Friday, April 3, 2009

Take This Job and Shove It

Well, it finally happened. I got word from the corporate overlords that I'm being asked to leave the firm at the end of June. I knew it was a possibility, but it still shocked me when it actually happened. Maybe what surprised me the most is how unfair it is. I had some negative reviews (undeserved, but there they were), and I did everything the firm asked of me and more to overcome them, and I achieved the results I was told I needed to achieve to keep my job, and it still turned out the same way as if I had done nothing. What a disappointment.

Now, I'm on the job hunt. The economy is bleak right now, but places are still hiring. I've been sending my resume around and trying to connect with friends and family to ask them to pass on any opportunities they hear about. Not much else I can do, really.

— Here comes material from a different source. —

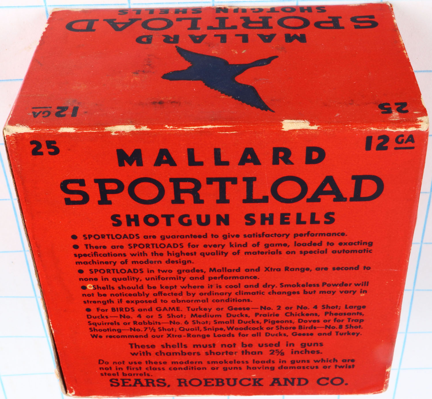 Sears, Sportload MALLARD with insert, 12ga., 1pc., Full, shot size 6 ch, red & blue box that pictures a Mallard in flight, box is solid with light soiling, light edge wear & great colors, shells are very good. Grade: Excellent - Value: 10 to 50

After my experience of not receiving an offer from my 2L summer employer, I learned that career setbacks are common and that they are also survivable. I'm nervous about finding a job, but I know that I will ultimately land okay. I'm a smart person with a couple of fancy degrees to my name, and I'll work my ass off until I find a job. I'm hopeful that I will look back on this bullshit one day as a blessing in disguise -- the push I needed to leave a job that wasn't making me happy anyway. I doubt that day will come until after I'm ensconced in a new position.